Analysis and solution:

This is [EDAC (Error Detection AndCorrection] (https://www.kernel.org/doc/Documentation/edac.txt) logs.

CE Error Correctable Error is referred to, in addition to UE (Uncorrectable Error)
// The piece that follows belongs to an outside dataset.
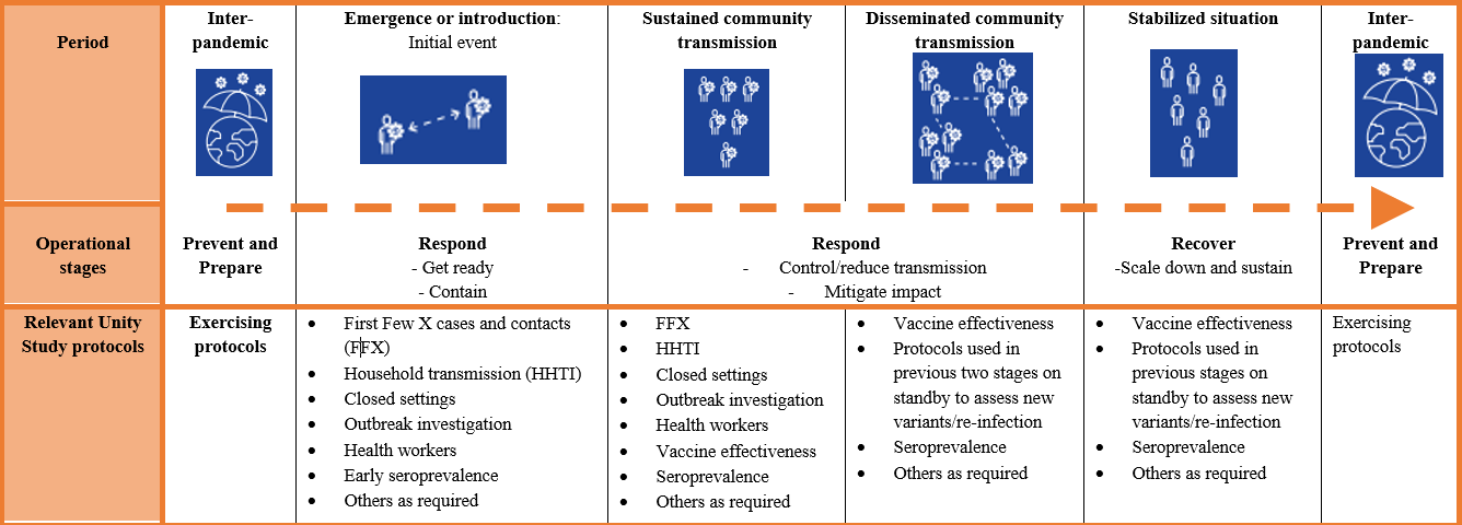 Table 1: Unity Studies protocols aligned with the pandemic periods of the organizing framework for respiratory pathogen pandemic planning, Preparedness and Resilience for Emerging Threats (PRET) (https://www.who.int/publications/m/item/preparedness-and-resilience-for-emerging-threats-module-1-planning-for-respiratory-pathogen-pandemics-version-1)
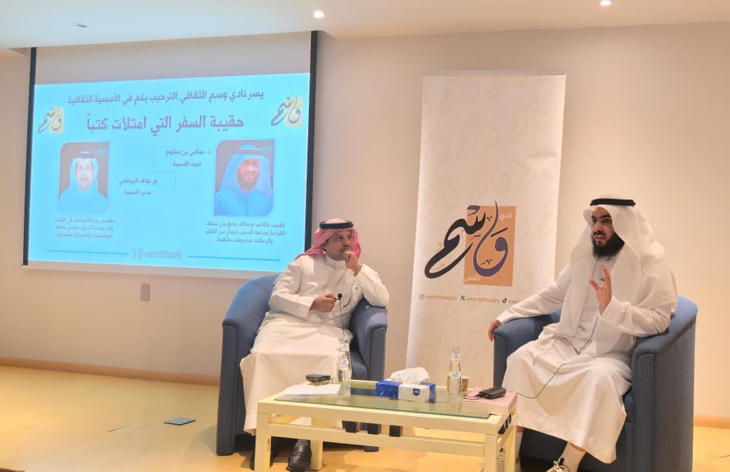 يواصل نادي وسم الثقافي تقديم برامجه المميزة عبر أمسية حملت عنوان “حقيبة السفر التي امتلأت كتباً”، استضاف فيها الكاتب والطبيب الرحالة الدكتور سامي بن مشوح، مساء الأربعاء، في قاعة الجزيرة بغرفة الشرقية.

According to the above documents, identify errors DIMM:

[root @ the Customer log] # grep "[0-9]" / SYS / Devices / System / EDAC / MC / MC * / csrow * / * CH _ce_count
/ Sys / devices / system / edac / mc / mc0 / csrow0 / ch0_ce_count: 0
/ Sys / devices / system / edac / mc / mc0 / csrow0 / ch1_ce_count: 0
/ Sys / devices / system / edac / mc / mc0 / csrow0 / ch2_ce_count: 0
/ Sys / devices / system / edac / mc / mc0 / csrow1 / ch0_ce_count: 0
/ Sys / devices / system / edac / mc / mc0 / csrow1 / ch1_ce_count: 0
/ Sys / devices / system / edac / mc / mc0 / csrow1 / ch2_ce_count: 0
/ Sys / devices / system / edac / mc / mc1 / csrow0 / ch0_ce_count: 0
/ Sys / devices / system / edac / mc / mc1 / csrow0 / ch1_ce_count: 0
/ Sys / devices / system / edac / mc / mc1 / csrow0 / ch2_ce_count: 0
/ Sys / devices / system / edac / mc / mc1 / csrow1 / ch0_ce_count: 0
/ Sys / devices / system / edac / mc / mc1 / csrow1 / ch1_ce_count: 0
/ Sys / devices / system / edac / mc / mc1 / csrow1 / ch2_ce_count: 554836518

Found errors in /mc1/csrow1/ch2, according to the chart:

       Channel 0 Channel 1
===================================
csrow0 | DIMM_A0 | DIMM_B0 |
csrow1 | DIMM_A0 | DIMM_B0 |
===================================
===================================
csrow2 | DIMM_A1 | DIMM_B1 |
csrow3 | DIMM_A1 | DIMM_B1 |
===================================

From dmidecode info:

[Root @ customer log] # dmidecode -t memory | grep 'Locator: DIMM'
       Locator: DIMM_D0
       Locator: DIMM_D1
       Locator: DIMM_E0
       Locator: DIMM_E1
       Locator: DIMM_F0
       Locator: DIMM_F1
       Locator: DIMM_A0
       Locator: DIMM_A1
       Locator: DIMM_B0
       Locator: DIMM_B1
       Locator: DIMM_C0
       Locator: DIMM_C1

From server console to find the memory info: 

Memory slot on the motherboard of distribution: 

Combined error log: kernel: EDAC MC1: 16107 CE error on CPU # 1Channel #2_DIMM # 1 (channel: 2slot: 1 DIMM_F1 memory slots should be a problem.

Solution: Finally, what we need to do is to replace F1 memory slot, after the system reboot the memory issue is no longer happening.